Nineteen hundred and six was a revolutionary point in the middle of the naval age of steam. HMS Dreadnought was launched; and in talking about the state of navies, the terms “pre-dreadnought” and “super-dreadnought” underline the importance of the moment.

The Dreadnought sacrificed armour for speed and broadside power. She was a weapons platform of eight 12-inch guns, each capable of hurling an 850-pound shell 17,990 yards across the sea while knifing through the water at 25 knots with her powerful Parsons turbines. These had replaced the mammoth reciprocating engines. The Dreadnought’s new Parsons had increased her speed from 16 knots to around 21; the increased speed came with decreased maintenance. A new weapons platform demanded improved gunnery; Admiral Percy Scott revolutionized naval gunnery, introducing training with moving targets, spotting and director firing.

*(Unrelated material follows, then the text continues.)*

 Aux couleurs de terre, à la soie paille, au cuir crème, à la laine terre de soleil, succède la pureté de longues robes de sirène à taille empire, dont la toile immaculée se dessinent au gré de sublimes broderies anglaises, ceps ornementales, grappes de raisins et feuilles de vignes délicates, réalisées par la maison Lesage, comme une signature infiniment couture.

The German fleet was primarily developed for short-distance operations and crews often slept ashore. Short ranges meant less fuel. Less fuel meant more space, with lighter guns and more armour or armament weight. German ships tended to be lighter-gunned, slower but far more heavily armoured as a ratio to total displacement.

Here are some examples:

  • Iron Duke: 25,000 tons displacement; maximum side armour 12 inches; maximum turret armour 11 inches.
  • König: 25,390 tons displacement; maximum side armour 14 inches; maximum turret armour 14 inches.
  • Lion: 26,350 tons displacement; maximum side armour 9 inches; maximum turret armour 9 inches.

Another way of looking at it is to compare total armour to armour:

  • Queen Mary: 27,000 tons displacement, of which 3,900 tons was armour.
  • Seydlitz: 24,600 tons displacement, of which 5,200 tons was armour.

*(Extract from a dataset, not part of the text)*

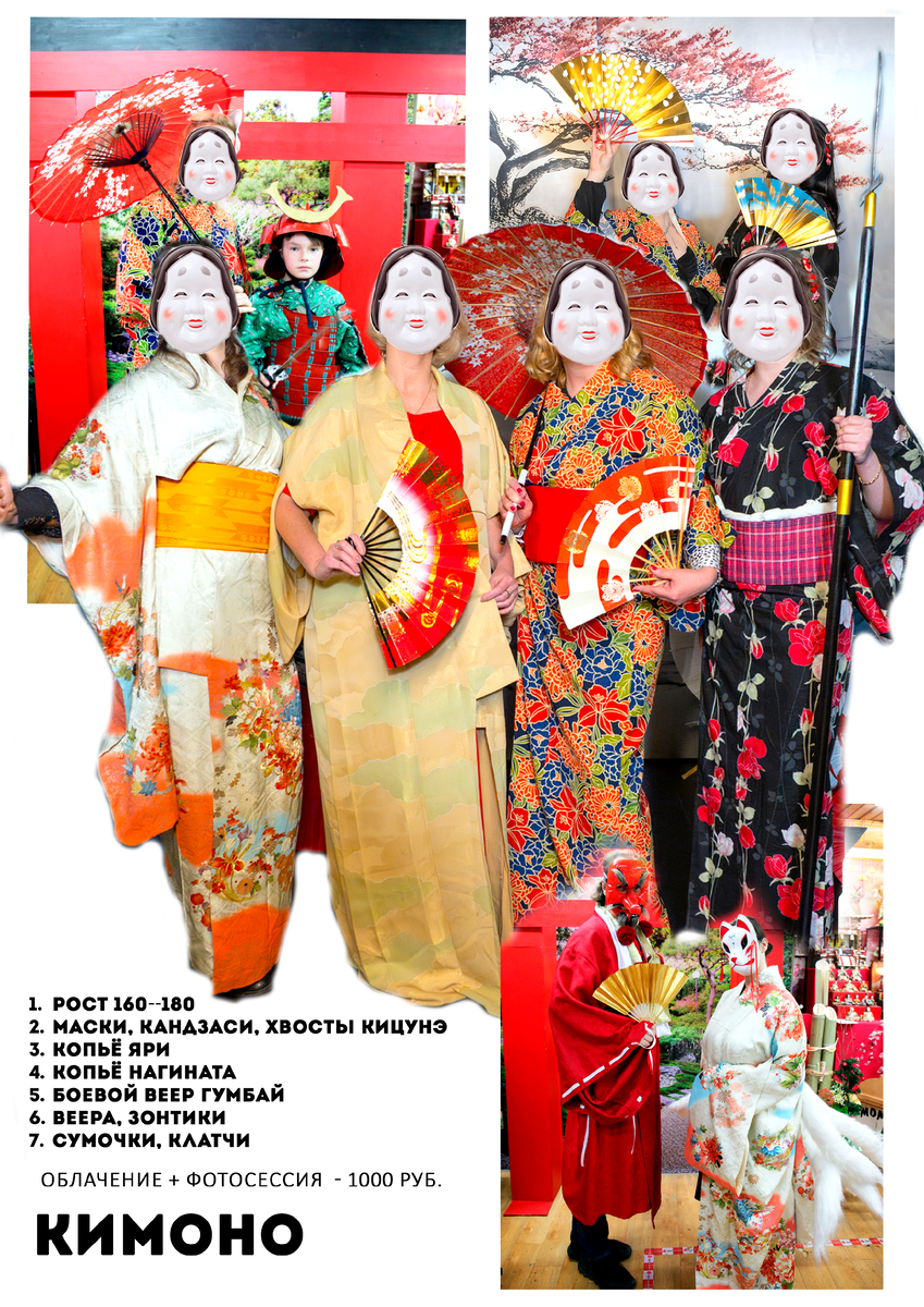 Дорогие друзья, продолжаем знакомить всех интересующихся с нашими японскими костюмами для фото на память. Как вы знаете, все желающие могут бесплатно сфотографироваться, используя маски, веера, сумочки, шлемы и японское вооружение. А вот сложное облачение и съемки можно сделать за дополнительную плату. Сегодня вы можете посмотреть какие возможности и варианты открываются с несколькими вариантами кимоно. Кимоно можно сочетать множество аксессуаров и разных предметов от сумочек, вееров, зонтиков до японского вооружения. Что получается – смотрите сами. Приглашаем посетить наш Музей Кукол МОАК «Кукольный переулок» в Кремле в Измайлово. Коллекция Музея состоит из нескольких экспозиций – авторских кукол, японских традиционных и авторские кукол и истории кукол и игрушек, русских народных кукол и игрушек, антикварных кукол и реплик, портретных кукол. У нас можно пройти литературный квест для детей и взрослых, сфотографироваться на память в разных японских образах, на мастер-классах можно распи

Even coaling spaces were used very effectively for increased protection. When they inspected many German ships at Scapa Flow straight after the end of the war, British commentators saw for themselves their strength of construction: the Lützow limped back with 5,300 tons of water on board; the Derfflinger with 3,000 tons. Quoting an officer inspecting the Friedrich der Große, Richard Hough was told:

What impressed me most was the honeycomb of small boiler rooms, all in  completely separate watertight compartments, whereas our boiler rooms were vast compartments stretching athwart the ship. Again, I was impressed by the use of coal bunkers to add protection to the side armour.
No wonder they lost some speed. One certainly got the impression she would have been the very devil to sink.[1]

German ships were broader beamed, allowing more side armour as well as superior performance as a stable gun platform.

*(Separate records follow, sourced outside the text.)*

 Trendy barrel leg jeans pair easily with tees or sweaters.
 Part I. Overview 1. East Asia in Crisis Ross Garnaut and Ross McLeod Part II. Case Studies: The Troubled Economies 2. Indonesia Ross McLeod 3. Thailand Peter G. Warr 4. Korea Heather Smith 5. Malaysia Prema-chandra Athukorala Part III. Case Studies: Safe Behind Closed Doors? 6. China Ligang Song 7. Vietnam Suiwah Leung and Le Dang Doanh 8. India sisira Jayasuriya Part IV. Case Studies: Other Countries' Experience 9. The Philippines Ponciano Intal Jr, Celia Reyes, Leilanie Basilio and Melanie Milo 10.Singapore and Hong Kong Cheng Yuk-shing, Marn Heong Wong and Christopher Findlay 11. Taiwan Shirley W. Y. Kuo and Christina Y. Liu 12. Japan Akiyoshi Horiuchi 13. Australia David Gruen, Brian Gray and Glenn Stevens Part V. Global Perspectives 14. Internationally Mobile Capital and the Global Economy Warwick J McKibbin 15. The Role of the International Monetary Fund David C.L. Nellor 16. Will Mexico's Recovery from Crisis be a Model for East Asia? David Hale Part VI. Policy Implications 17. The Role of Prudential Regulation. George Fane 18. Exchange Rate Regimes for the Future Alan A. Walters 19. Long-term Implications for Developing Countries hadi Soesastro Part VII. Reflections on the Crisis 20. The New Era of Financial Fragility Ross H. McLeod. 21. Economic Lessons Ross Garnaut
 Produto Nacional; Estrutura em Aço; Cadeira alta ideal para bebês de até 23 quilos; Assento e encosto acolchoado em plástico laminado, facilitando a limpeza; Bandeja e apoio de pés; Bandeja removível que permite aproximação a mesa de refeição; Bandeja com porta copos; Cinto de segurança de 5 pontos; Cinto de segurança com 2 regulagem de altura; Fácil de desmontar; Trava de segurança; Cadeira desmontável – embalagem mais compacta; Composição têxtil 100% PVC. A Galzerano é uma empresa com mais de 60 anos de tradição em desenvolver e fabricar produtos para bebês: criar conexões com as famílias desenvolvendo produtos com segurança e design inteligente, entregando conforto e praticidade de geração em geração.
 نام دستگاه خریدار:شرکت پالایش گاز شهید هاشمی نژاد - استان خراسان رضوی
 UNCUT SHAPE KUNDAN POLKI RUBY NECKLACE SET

Here are some examples of beam:

  • Iron Duke:         90 feet.
  • König:                 97 feet.
  • Lion:                     88 feet.
  • Derfflinger:       95 feet.

The broader German beam came about because the British did not invest in the prize tool that was Britain’s protection against trade war: its navy. In this particular instance, the issue was to update dry-dock facilities.

Jellicoe and Beatty differed in their individual appreciation of the strength of British ships. Jellicoe declared in 1914 that “it is highly dangerous to consider that our ships as a whole are superior or even equal fighting machines” to those of the new German navy,[1] while Beatty’s famous aside on the bridge of the Lion to Chatfield, that something was “wrong with our bloody ships today”, suggested that this realization only came later.

In the same way, Nelson at Trafalgar had supreme confidence in his ships. He knew that at close quarters the Spanish and French ships would be no match for his. For Jellicoe, it was different. He was technically exceptionally knowledgeable about ship construction and had seen much of the German materiel up close. He was under no illusion about the superiority of British ship design. He also knew where the weaknesses were.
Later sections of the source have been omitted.